Who is that wants a stoner punch?
Se la vostra risposta alla domanda iniziale è “Sì” potete affrontare questa folle corsa su una highway sonora chiamata stoner rock accompagnati dalla granitica opera prima dei Gandhi’s Gunn: Thirtyeahs.
Il gruppo genovese confeziona un album di otto tracce rigorosamente legate alla tradizione del rock pesante di Black Sabbath, Fu Manchu, Kyuss e Sleep (per citare i più noti). Si può quindi immaginare cosa ci aspetta, ma in campo stoner le sorprese non mancano mai e i Gandhi’s Gunn sono una di queste. La band riesce a spaziare e sperimentare le mille sfaccettature dello stoner regalandoci una vera perla del genere.

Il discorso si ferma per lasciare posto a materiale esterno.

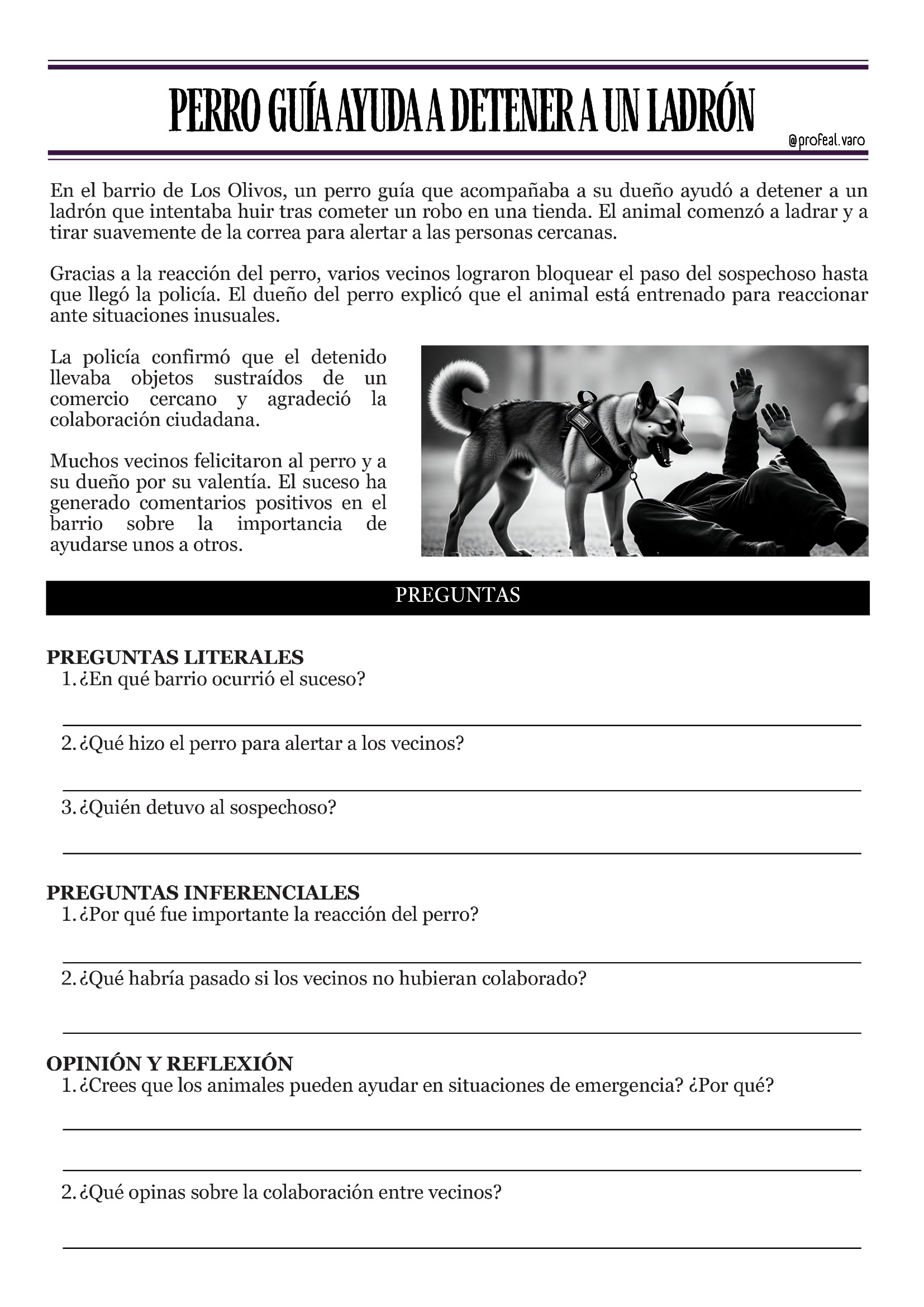Sucesos del barrio (un perro guía que ayuda, un robo frustrado).

L’album si apre con la carica rock’n’roll di “Overhanging Rock” ottimo pezzo di presentazione, che strizza l’occhio a Queens Of the Stone Age e Unsane. La successiva “Going Slow” è ipnotica e potente come un pezzo degli Sleep. “Man of Wisdom” è psichedelica e meravigliosamente accessibile, grazie a delle linee vocali semplicemente perfette (importante sottolineare la profondità della bellissima voce di Hobo in tutti i pezzi del disco). “23 Bodies” colpisce per l’impatto immediato e il piglio leggermente punk che avvicina per un momento il gruppo alla tradizione pre-grunge di Mudhoney e Soundgarden, ma è una delle tracce meno riuscite dell’album. “Club Silencio” ci fa apprezzare la voce di Hobo anche in versione melodica e pacata ed inoltre delizia l’ascoltatore con dinamiche studiate alla perfezione per darci l’idea di ricevere uno travo d’acciaio sullo stomaco . “Lee Van Cleef” crea una buona atmosfera desertica, ci si immagina serpenti a sonagli e cactus, ma lascia indifferenti rispetto a quello che sta per venire all’orecchio dell’ignaro ascoltatore, il manifesto e capolavoro del gruppo: “A Night So Long”, sette minuti, quasi completamente strumentali, dove sono rintracciabili psichedelia, acid rock, doom. La canzone è ciò che meglio sintetizza in veste personale ed emozionale la tradizione dell’universo stoner rock: siamo di fronte ad un pezzo inebriante e sventrante. In sette minuti si coglie la grandezza dei genovesi: la capacità di rileggere un genere ormai spremuto con un citazionismo colto, ma mai spocchioso o banale, unito a una personalità spiccata, che colpisce emozionalmente l’ascoltatore. La conclusiva “End Titles” è un piacevole saluto elettro-acustico strumentale con qualche pizzico di sperimentazione psichedelica.
Per concludere, i Gandhi’s Gunn ci regalano un’opera completa, personale e mai scontata, bella da ascoltare e riascoltare, interessante per gli amanti del genere e godibile anche per i nuovi adepti a quel granitico universo chiamato stoner.